F.dropout is only used in train, I confused how to use chainer.using_config in it? How does it works and chainer how to know it is in training or predict?


Solution

  • From Chainer v2, function behavior is controlled by the config variable, according to the official doc,

    chainer.config.train

    Training mode flag. If it is True, Chainer runs in the training mode. Otherwise, it runs in the testing (evaluation) mode. The default value is True.

    You may control this config by following two ways.

    1. Simply assign the value.

    chainer.config.train = False
    here, code runs in the test mode, and dropout won't drop any unit.
    model(x)  
    chainer.config.train = True
    

    2. with using_config(key, value) notation

    If we use above case, you might need to set True and False often, chainer provides with using_config(key, value) notation to ease this setting.

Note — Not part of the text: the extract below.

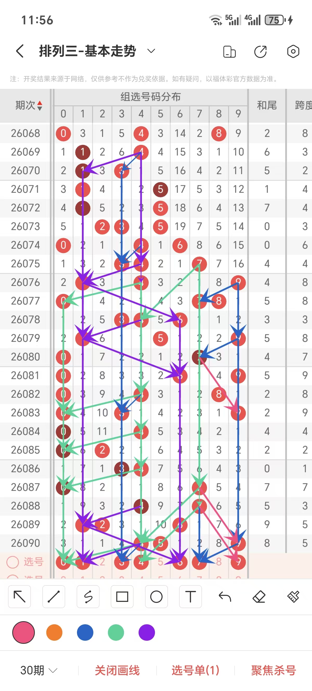 六 排列3第26091期组选号码走势分析

    with chainer.using_config('train', False):
        # train config is set to False, thus code runs in the test mode.
        model(x)
    
    # Here, train config is recovered to original value.
    ...
    

    Note1: If you are using trainer moudule, Evaluator will handle these configuration automatically during validation/evaluation (see document, or source code). It means train config is set to False and dropout runs as evaluate mode when calculating validation loss.

    Note2: train config is used to switch "train" mode and "evaluate/validation". If you need "predict" code, you need to implement separately.